Friday Review

Hema arangam: Myriad portrayals

Kiranmayee Madupu

Kiranmayee Madupu  


‘Hema Arangam’ celebrated its first anniversary by hosting a blend of art forms.

Hema Arangam Cultural Society celebrated its first anniversary at CCRT on Republic Day. Students of Hema Arangam, Bharatanatyam dancer Kiranmayee Madupu, costume designer Ghana NB and sand artist Kanth Risa mesmerised the audience with their creativity.

Kiranmayee Madupu, disciple of veteran guru Hemamalini Arni, who has named her cultural organisation in honour of her guru, has come a long way by sheer hard work, dedication and devotion to dance.

The evening’s performance began with her students taking the stage.

As is customary, the evening’s recital began with an invocation to elephant headed god, Lord Ganesha with the popular hymn Vatapi Ganapathi in Raag Hamsadhwani. This was followed by Alarippu in Roopaka talam.
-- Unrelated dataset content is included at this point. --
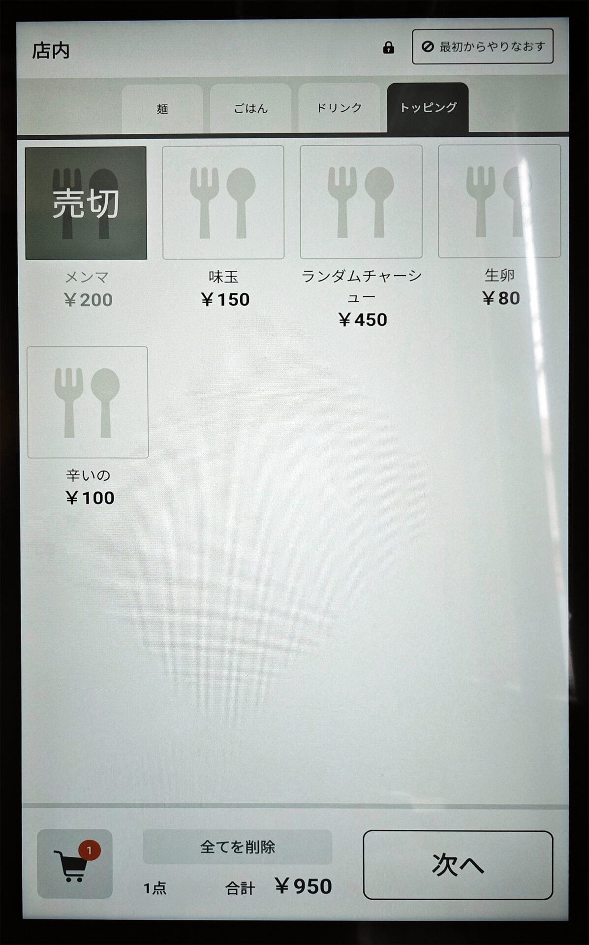 店内入って、右側に券売機があります。先にも書いた通り現金不可で、電子決済のみ対応です。
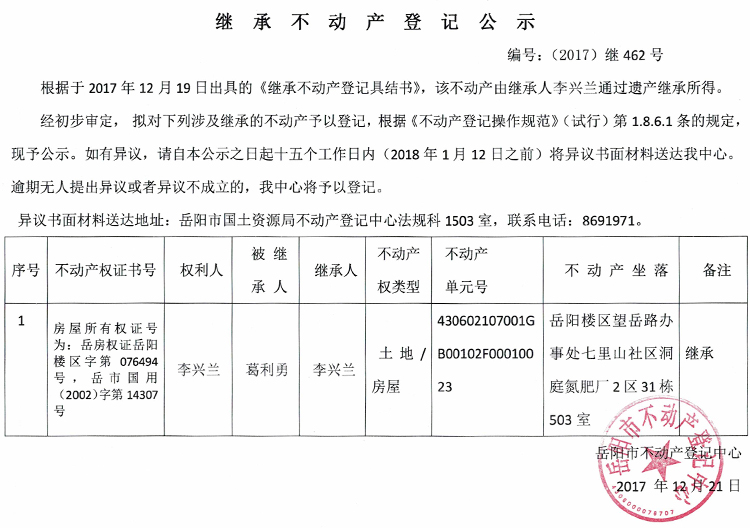 继承不动产登记公示 编号:(2017)继462号

The students brought out the special charm of pure dance in this piece. The rhythm has a rare capacity to invoke concentration. Presenting jathiswaram in Saveri and Roopaka talam, the students exhibited their versatility in elaborate footwork and graceful body movements. Coming to the main item, Kiranmayee’s students presented Shabdam Sarasi Jakshulu in Malika where each student of the group assumed roles of either Krishna or Gopika and described various mischievous tales of Lord Krishna.

Keeping the patriotic flavour in mind, Kiranmayee Madupu presented Vande Mataram in Bharatanatyam style keeping the audience spellbound. Her expressive face was able to reflect the salutations to Mother India. Kiranmayee and her students were ably supported by Srinivas Karra on the nattuvangam, Sangeetha Kala on vocals, Sridharachary on mridangam and Sai Kolanka on violin.

Earlier, the evening’s performance began with the display of Chennai-based Ghana NB’s latest collection Atlas - A travel, life and art show.

Ghana, who has also worked as costume designer in Telugu film Yevade Subramanian, presented about 100 pieces of her art collection at the venue. The uniqueness was not just in the art but the way it was presented. Accompanied by installation artist Ramesh, she used the trees and branches at the venue to hang the artwork in an aesthetic manner.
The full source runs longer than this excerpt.